6. Cookies and Tracking Technologies

6.1 Cookies on Compath App Platform

The Compath App web application (app.compath.hu) uses essential cookies only for authentication and security purposes. These cookies are strictly necessary for the Service to function and do not require consent under GDPR and the ePrivacy Directive.

Essential Cookies We Use:

• Authentication cookies (httpOnly) – secure refresh tokens for maintaining user sessions
• JWT tokens – short-lived access tokens for API authentication
• Session identifiers – for maintaining secure login state

We do NOT use:

• Analytics or tracking cookies on the Compath App platform
• Advertising or marketing cookies
• Third-party cookies for profiling or behavioral tracking

These essential cookies:

• Are encrypted and secure (httpOnly, Secure flag, SameSite protection)
• Expire after a defined session period
• Cannot be disabled without preventing access to the Service
• Do not track user behavior across other websites

6.2 Tracking on Client Websites (GTM Events)

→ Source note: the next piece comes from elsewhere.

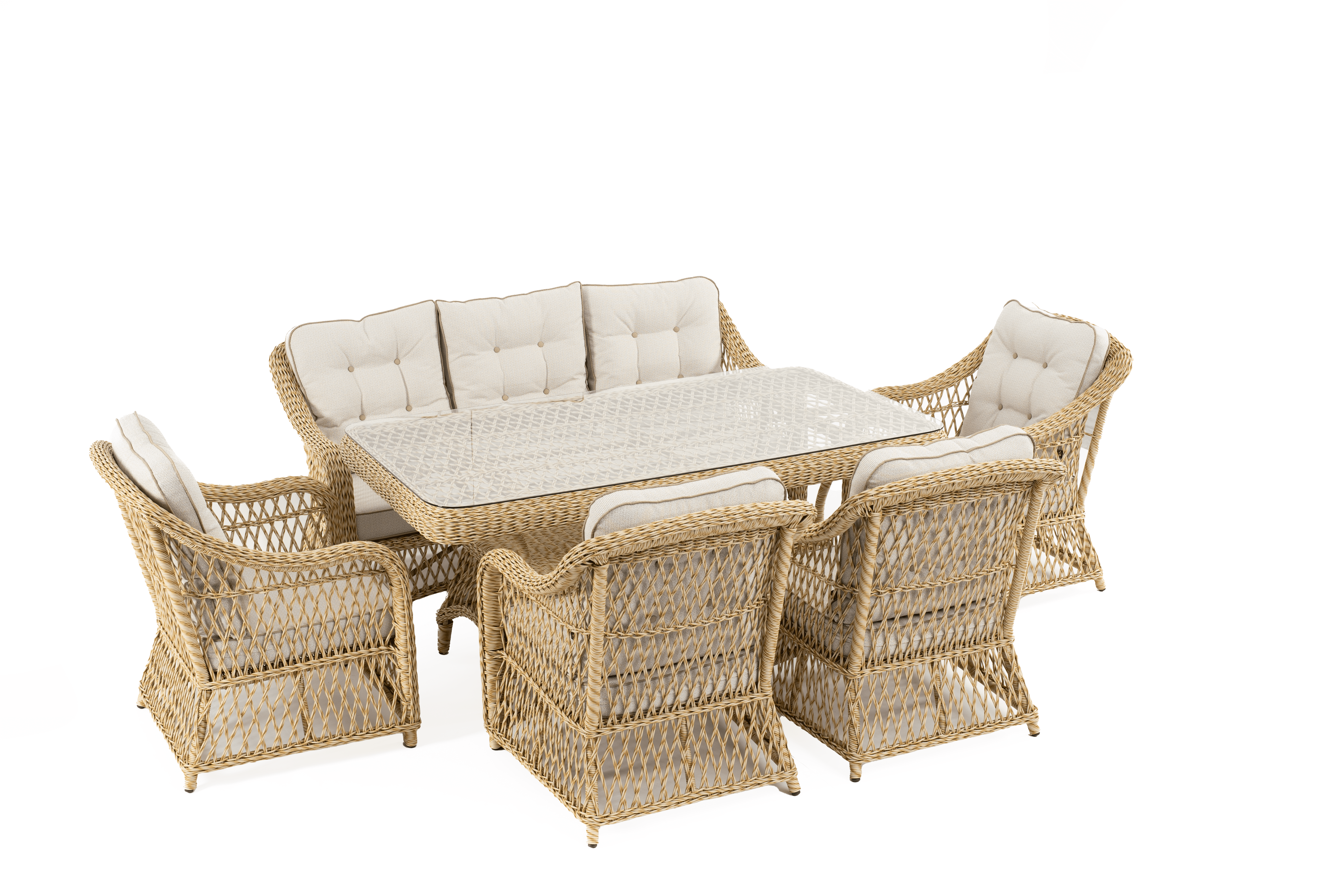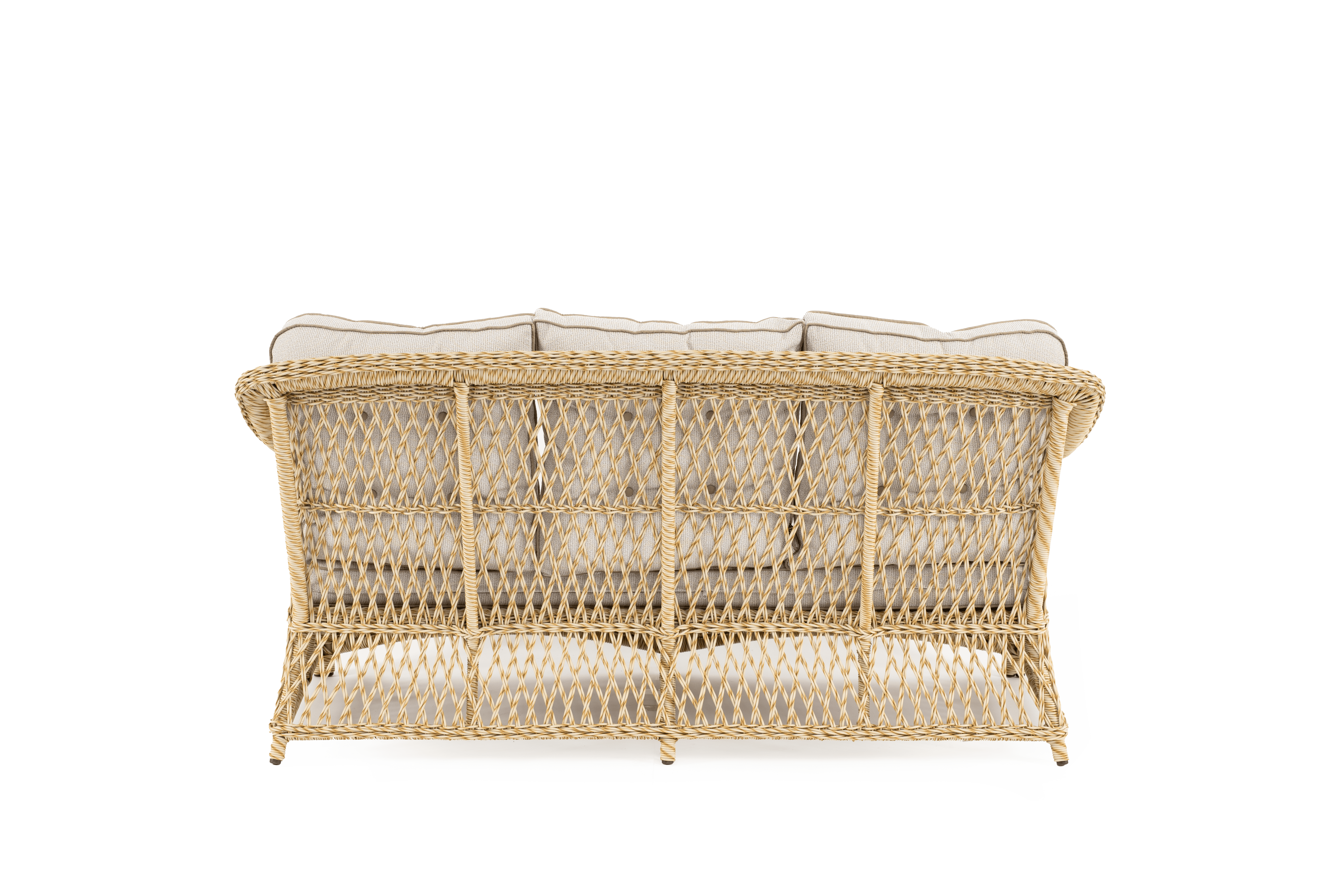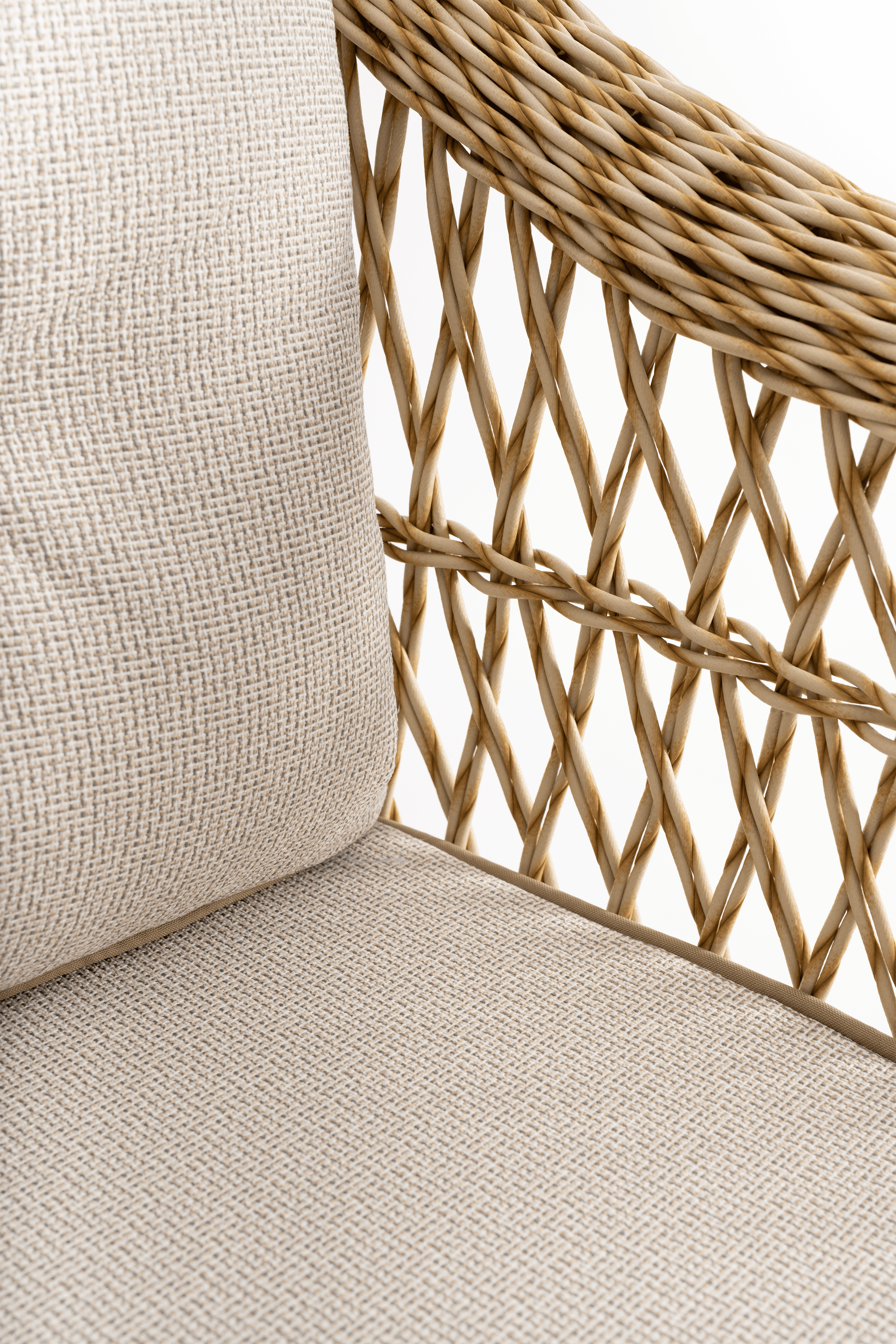 KUNNINGAN, güçlü duruşu ve net geometrisiyle açık alanlarda mimari bir ifade oluşturur. Geniş yerleşimi sayesinde mekânı tek bir bütün hâlinde organize eder; düzenli, dengeli ve prestijli bir yaşam alanı kurgular. 350 × 280 cm’lik ölçüsü, özellikle büyük teraslar ve ferah bahçeler için ideal bir ölçek sunar. 5 mm putar örgü yapısı, tasarıma kontrollü ve rafine bir yüzey etkisi kazandırır. İnce dokusu, formun netliğini desteklerken premium malzeme hissini öne çıkarır. SAY-103 renk tonu, modern ve zamansız bir karakter sunar; farklı mimari yaklaşımlarla kolayca uyum sağlar. Tekli (80 × 80 × 95 cm) ve Kanepe (185 × 80 × 95 cm) koltuk modülleri, yüksek sırt yapısı ve dengeli oturum oranlarıyla uzun süreli kullanım için güçlü bir konfor sağlar. Dikey form, oturum sırasında destek sunarken tasarımın kararlı duruşunu pekiştirir. 180 × 100 × 78 cm ölçülerindeki masa, oturma alanını tamamlayan, sosyal kullanımı destekleyen merkezi bir unsur olarak konumlanır. KUNNINGAN, açık alanlarda yalnızca oturmak değil; bir araya gelmek, paylaşmak ve zaman geçirmek için tasarlanmıştır. Zamansız çizgileri ve sağlam yapısıyla, bulunduğu mekâna uzun yıllar değer katan bir

Important distinction: The Compath App platform does not track end-users (patients) on clinic websites. Instead, our Clients implement Google Tag Manager (GTM) on their own websites to track patient interactions (bookings, page views, conversions).

Client responsibilities:

• Clients (clinics) are the Data Controllers for tracking on their own websites
• Clients must implement cookie consent banners on their websites in compliance with GDPR and ePrivacy Directive
• Clients must obtain user consent before loading GTM and analytics cookies
• Clients must provide their own cookie policy and privacy notice to website visitors
• GTM tracking scripts are managed and controlled by the Client, not by Compath App

Our role: Compath App receives GTM event data via webhooks or API endpoints after events have been triggered on client websites. We act as a Data Processor and do not control the tracking mechanism or consent flow on client websites.

6.3 Browser Storage

The Compath App platform may use browser local storage or session storage for:

• Caching user preferences and UI state
• Storing non-sensitive application settings
• Temporary storage of authentication state

No personal data or sensitive information is stored in browser storage.

6.4 Managing Cookies

Users can manage cookies through their browser settings. However, disabling essential authentication cookies will prevent access to the Compath App platform.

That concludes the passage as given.